» Data block
++++

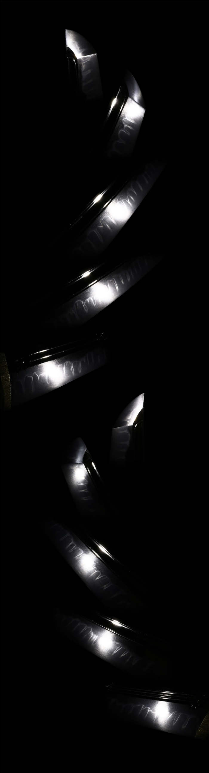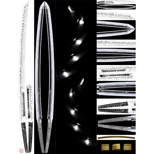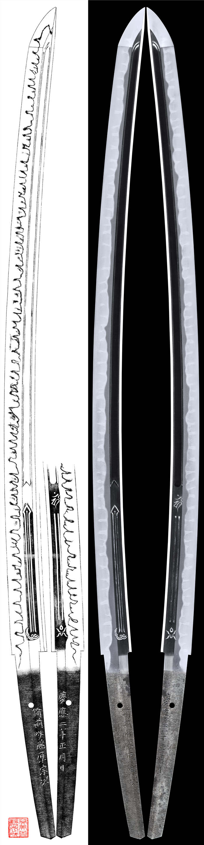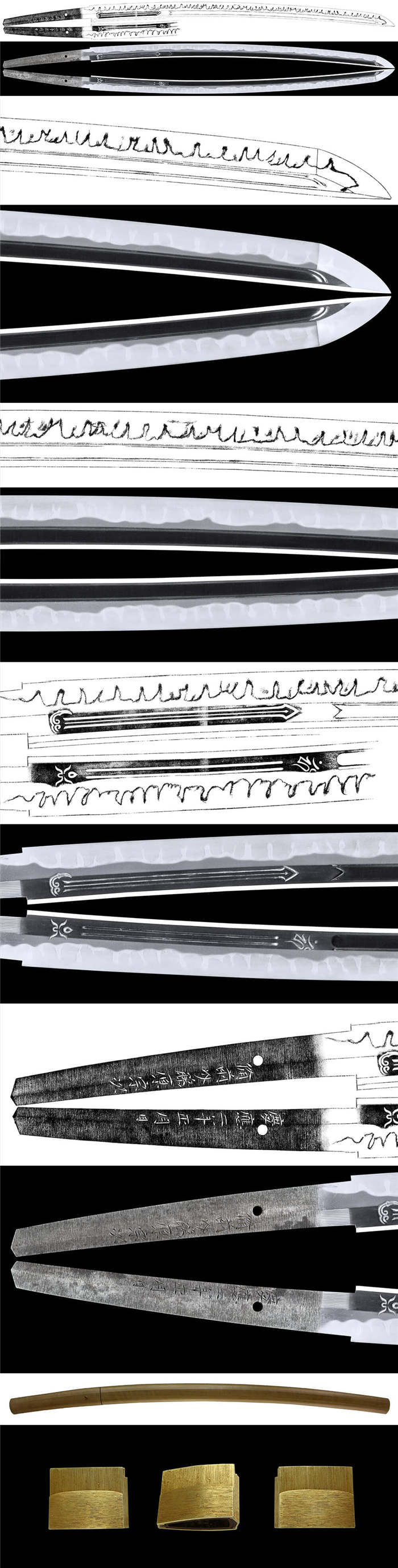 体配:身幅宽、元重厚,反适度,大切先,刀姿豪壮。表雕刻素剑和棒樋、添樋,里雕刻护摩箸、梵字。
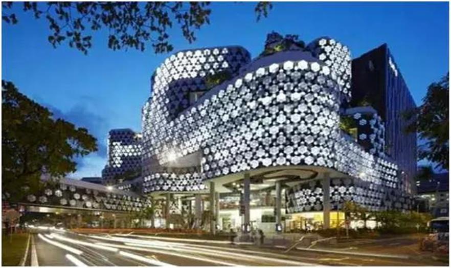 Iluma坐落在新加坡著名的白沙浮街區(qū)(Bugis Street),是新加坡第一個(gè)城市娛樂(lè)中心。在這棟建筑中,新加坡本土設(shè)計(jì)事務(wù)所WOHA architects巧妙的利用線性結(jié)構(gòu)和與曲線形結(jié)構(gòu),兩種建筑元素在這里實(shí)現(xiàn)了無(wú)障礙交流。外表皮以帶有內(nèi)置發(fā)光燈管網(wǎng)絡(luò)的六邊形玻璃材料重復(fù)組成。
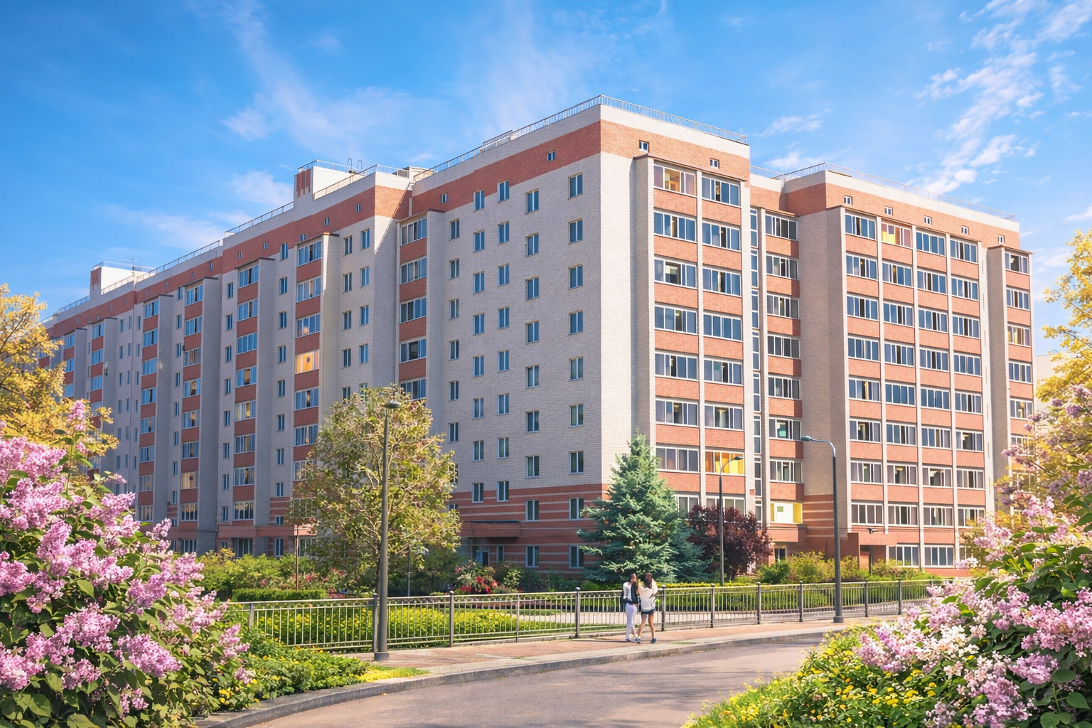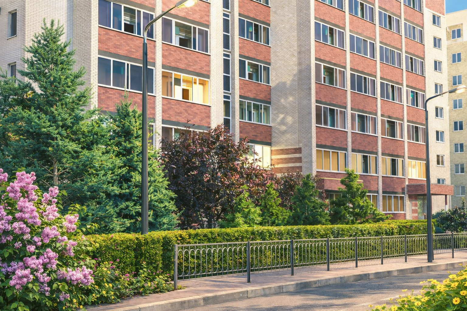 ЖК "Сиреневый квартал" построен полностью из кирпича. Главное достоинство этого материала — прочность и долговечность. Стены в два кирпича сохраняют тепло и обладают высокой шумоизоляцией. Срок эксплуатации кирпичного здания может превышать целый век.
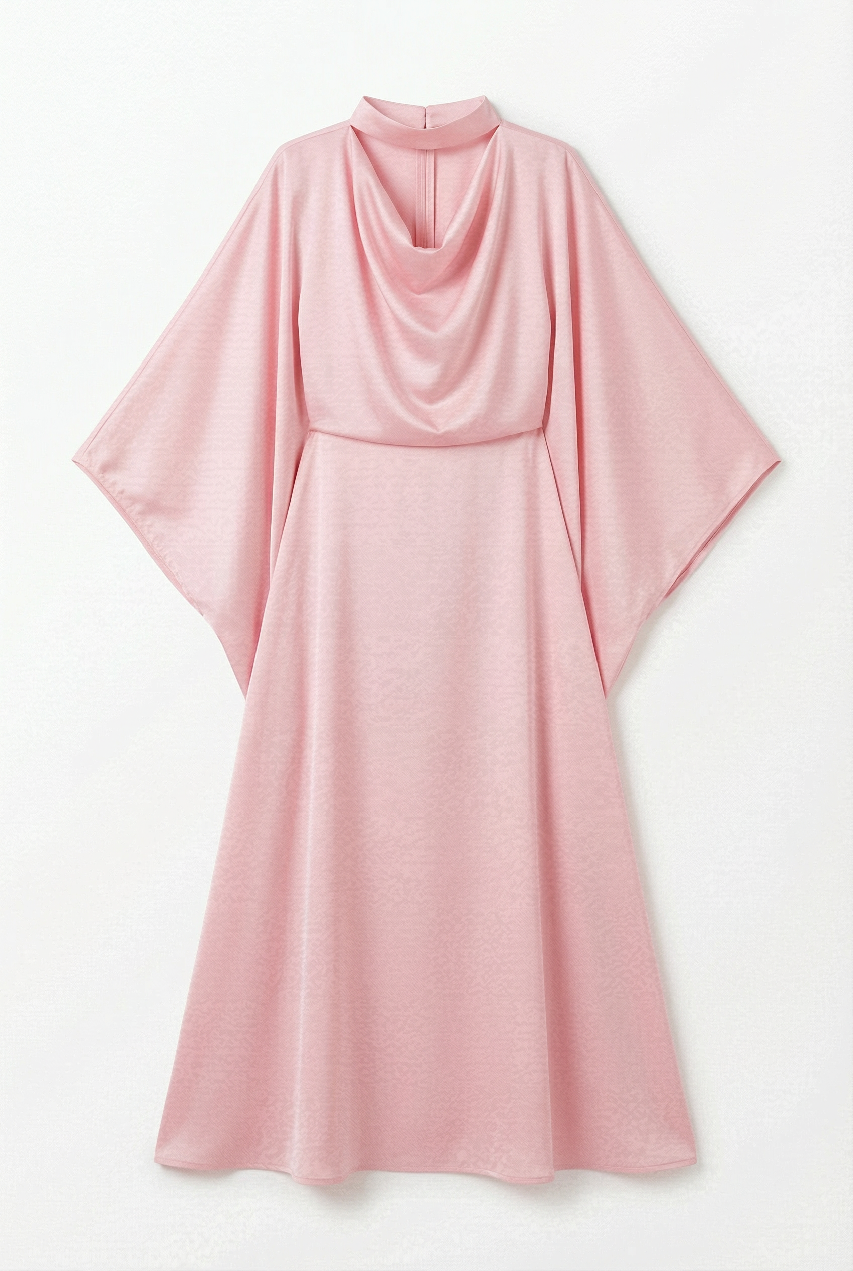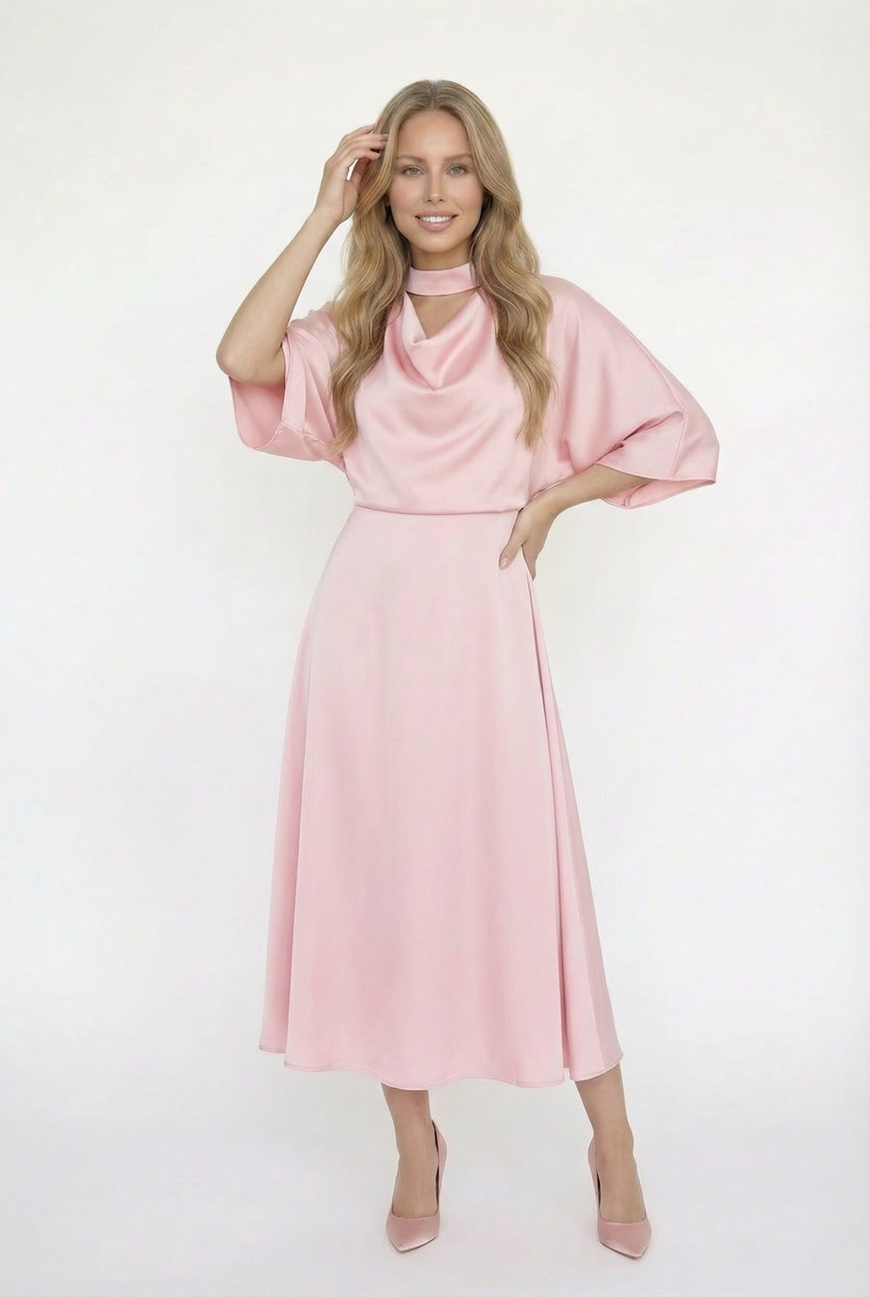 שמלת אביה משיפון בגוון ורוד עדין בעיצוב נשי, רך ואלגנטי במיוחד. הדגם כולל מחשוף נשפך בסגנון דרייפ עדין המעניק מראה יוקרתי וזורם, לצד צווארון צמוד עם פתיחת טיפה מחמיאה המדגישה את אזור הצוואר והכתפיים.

++++

» What to work on
Exactly as written, restate the lines from the one that contains "превышать целый век." through the final line of the data, both ends included, but leave out the pictures.

» Response box
 ЖК "Сиреневый квартал" построен полностью из кирпича. Главное достоинство этого материала — прочность и долговечность. Стены в два кирпича сохраняют тепло и обладают высокой шумоизоляцией. Срок эксплуатации кирпичного здания может превышать целый век.
 שמלת אביה משיפון בגוון ורוד עדין בעיצוב נשי, רך ואלגנטי במיוחד. הדגם כולל מחשוף נשפך בסגנון דרייפ עדין המעניק מראה יוקרתי וזורם, לצד צווארון צמוד עם פתיחת טיפה מחמיאה המדגישה את אזור הצוואר והכתפיים.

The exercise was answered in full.